Six talented actors nip, stride and march about rhythmically in a show that pulses with physicality. It is a fine theatrical idea to set Jacqueline Wilson’s warm-hearted story of a late 19th-century foundling in a circus. It turns a warmly sentimental novel into a robust celebration of the power of imagination and story telling, as feisty, rebellious, red-haired Hetty (Phoebe Thomas) seeks to come to terms with her losses and problems though glorious flights of fancy.

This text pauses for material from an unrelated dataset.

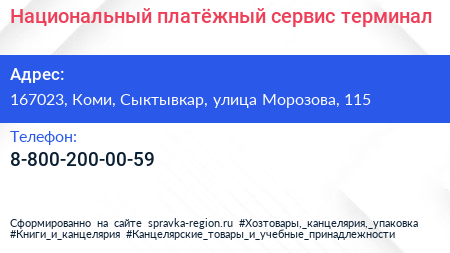 Национальный платёжный сервис, терминал по адресу 167023, Коми, Сыктывкар, улица Морозова, 115 в дальнейшем Организация, размещена в следующих категориях:

Matt Costain is outstanding as Gem, the kindly foster brother who doubles as the rigidly cold intolerant matron of the Foundling Hospital stalking about in an aggressively flicked apron. Costain’s fine aerial skills, and those of other cast members, are imaginatively woven into the plot. This is not a realistic show – rather it uses a whole range of entertaining techniques, including choral acting and slow motion to evoke whatever the plot needs – a rhythmic train to Faversham and a child being beaten, for example. And there’s an impressive aerial balletic sequence to suggest a love affair. And all this is expertly underpinned by live music from upstage provided by Seamas H Carey and Luke Potter sometimes working with actor musicians in the cast. Their prologue homage song to Jacqueline Wilson (in the audience at the performance I saw) is a real delight too.
This is a show that has really developed since I first reviewed it eighteen months ago. It is now a mature, thoughtful, well-paced piece of family entertainment.